3 A PPP exchange rate can only be expressed as an index.

Incorrect. The statement is false.

A PPP exchange rate can also be expressed as an exchange rate.

Correct. The statement is indeed false.

A PPP exchange rate can also be expressed as an exchange rate.

4 All the conclusions reached on the basis of relative PPPs relate to the situation in the base year of the calculation (in other words, it is assumed that the situation in the base year is somehow normal or correct).

Correct. The statement is indeed true.

The change in relative PPS is measured in terms of the base year and it is assumed that the base year correctly represents the “equilibrium exchange rate”.

Incorrect. The statement is true.

The change in relative PPS is measured in terms of the base year and it is assumed that the base year correctly represents the “equilibrium exchange rate”.

5 By comparing the relative PPP exchange rate with the nominal exchange rate, you can conclude whether the domestic currency is undervalued or overvalued in PPP terms compared to the situation in the base year.

Correct. The statement is indeed true.

If the relative PPP exchange rate for South Africa is 969,88 cents = $1 and the actual exchange rate is 1323,39 cents = $1, you can conclude that the rand is undervalued.

Incorrect. The statement is true.

If the relative PPP exchange rate for South Africa is 969,88 cents = $1 and the actual exchange rate is 1 323,39 cents = $1, you can conclude that the rand is undervalued.

Questions 6 to 8 are based on the following information:

Base year nominal exchange rate (SA cent/$): 730,4
CPI index South Africa: 154,4
CPI index USA: 144,2

6 What is the index value of the two price indices?

Correct. It is 107,1.

It is calculated as follows:

$$
\Bigl(
\frac{
\text{154,4}
} {
\text{144,2}
}
\Bigl)
\times 100
$$

= 107,1

Incorrect. It is 107,1.

It is calculated as follows:

$$
\Bigl(
\frac{
\text{154,4}
} {
\text{144,2}
}
\Bigl)
\times 100
$$

= 107,1

7 What is the purchasing power parity exchange rate (SA cent/US dollar)?

(two decimal places)

Correct. The purchasing power parity exchange rate (SA cent/US dollar) is 782,26.

The calculation is as follows:

$$
\Bigl(
\frac{
\text {Index value of the two price indices} \times {\text {Base year nominal exchange rate}}}
{\text{100}
}
\Bigl)
$$

$$
\Bigl(
\frac{
\text {107,1} \times {\text {730,4}}
} {
\text{100}
}
\Bigl)
$$

= 782,26

Incorrect. The purchasing power parity exchange rate (SA cent/US dollar) is 782,26.
The calculation is as follows:

$$
\Bigl(
\frac{
\text {Index value of the two price indices} \times {\text {Base year nominal exchange rate}}}
{\text{100}
}
\Bigl)
$$

$$
\Bigl(
\frac{
\text {107,1} \times {\text {730,4}}
} {
\text{100}
}
\Bigl)
$$

= 782,26

8 If the actual exchange rate is 1 422,24, is the rand undervalued or overvalued against the US dollar?

Incorrect.

It is undervalued since the purchasing power parity exchange rate is 782,26 and the actual exchange rate is 1 422,24.

Correct.

It is undervalued since the purchasing power parity exchange rate is 782,26 and the actual exchange rate is 1 422,24.

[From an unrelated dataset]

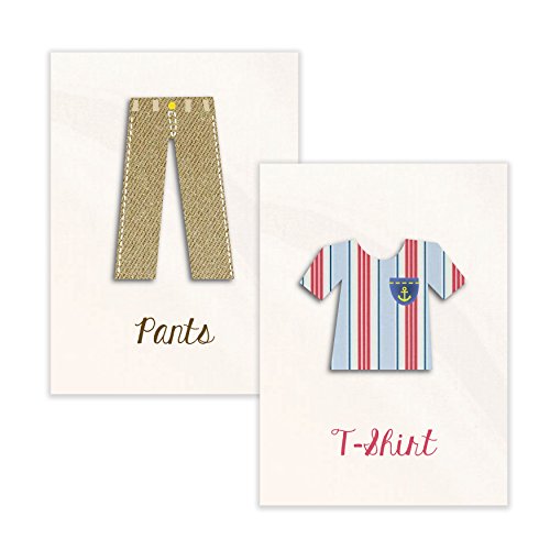What better way to teach your little one the clothes they are wearing than with our adorable Clothes Themed Wall Cards. These beautiful wall cards with adorable clothes imagery are the perfect educational and environmental addition to your child's room. This gender neutral, and originally created from scrap papers, our art is a perfect design for both boys and girls. Eco-friendly packaging complements the eco-friendly imagery. Your child will grow, just like nature does- steady and brilliant. Frame them, string on a line or tack to the wall, each set of cards are wrapped in biodegradable cell package.Feature

9 An increase in the inflation rate in South Africa relative to the inflation rate in the US will require that the rand must ________ against the dollar to keep the relative purchasing power the same.

Incorrect. The rand/dollar exchange must depreciate.

If the price of goods and services rises faster in South Arica than in the US, the rand needs to depreciate to keep the relative purchasing power parity the same. If this does not happen, it implies that the same goods and services in South Africa are now relatively more expensive.

Correct. The rand/dollar exchange must depreciate.

If the price of goods and services rises faster in South Arica than in the US, the rand needs to depreciate to keep the relative purchasing power parity the same. If this does not happen, it implies that the same goods and services in South Africa are now relatively more expensive.

10 The Big Mac index shows what exchange rates ought to be to equate the domestic price of a Big Mac with its price in other countries.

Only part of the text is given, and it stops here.